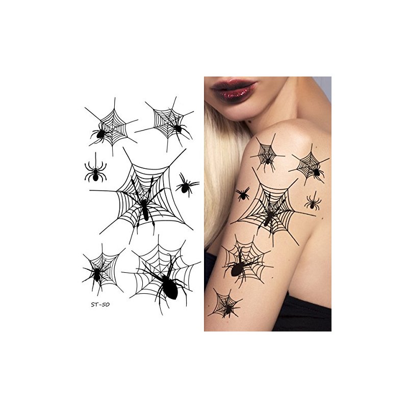 Supperb® Temporary Tattoos - Spiders and Spider Net Horror Cobweb Spider Halloween Tattoos (Spider Net)
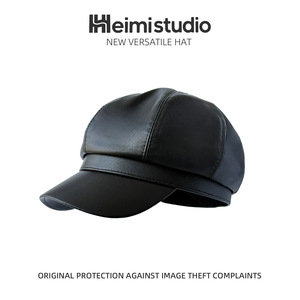 批发25年至早秋新款女士帽子贝雷帽纯色皮质PU帽子弯檐复古八角帽
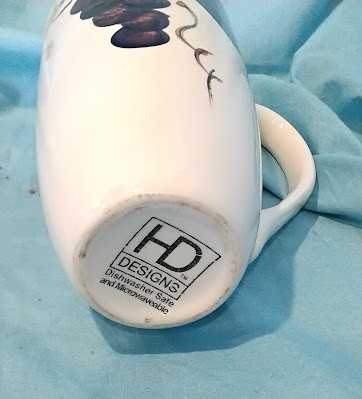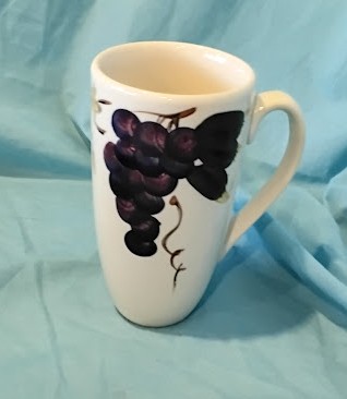 Description: Set of three tall ceramic mugs by HD Designs featuring hand-painted grape cluster designs.
━━━━
▸ YOUR ASSIGNMENT
For this exercise, return the material word for word and drop each image.

▸ SOLUTION FOR THIS EXERCISE
 Supperb® Temporary Tattoos - Spiders and Spider Net Horror Cobweb Spider Halloween Tattoos (Spider Net)
 批发25年至早秋新款女士帽子贝雷帽纯色皮质PU帽子弯檐复古八角帽
 Description: Set of three tall ceramic mugs by HD Designs featuring hand-painted grape cluster designs.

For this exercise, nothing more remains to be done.